WORK INSTRUCTIONS
For the material below, return exactly the lines starting at the one holding "設備のショールームの見学にや" and ending at the one holding "With its pristine", counting both as part of the range.

RECORDS SHOWN
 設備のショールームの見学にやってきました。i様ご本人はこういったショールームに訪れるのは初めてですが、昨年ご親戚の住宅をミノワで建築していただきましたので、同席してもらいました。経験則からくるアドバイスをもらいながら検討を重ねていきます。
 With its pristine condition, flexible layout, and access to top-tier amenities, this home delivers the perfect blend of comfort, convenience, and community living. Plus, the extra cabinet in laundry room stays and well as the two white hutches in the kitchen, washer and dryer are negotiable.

...

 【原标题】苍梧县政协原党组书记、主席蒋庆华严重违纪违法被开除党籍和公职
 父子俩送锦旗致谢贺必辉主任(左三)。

SOLUTION
 設備のショールームの見学にやってきました。i様ご本人はこういったショールームに訪れるのは初めてですが、昨年ご親戚の住宅をミノワで建築していただきましたので、同席してもらいました。経験則からくるアドバイスをもらいながら検討を重ねていきます。
 With its pristine condition, flexible layout, and access to top-tier amenities, this home delivers the perfect blend of comfort, convenience, and community living. Plus, the extra cabinet in laundry room stays and well as the two white hutches in the kitchen, washer and dryer are negotiable.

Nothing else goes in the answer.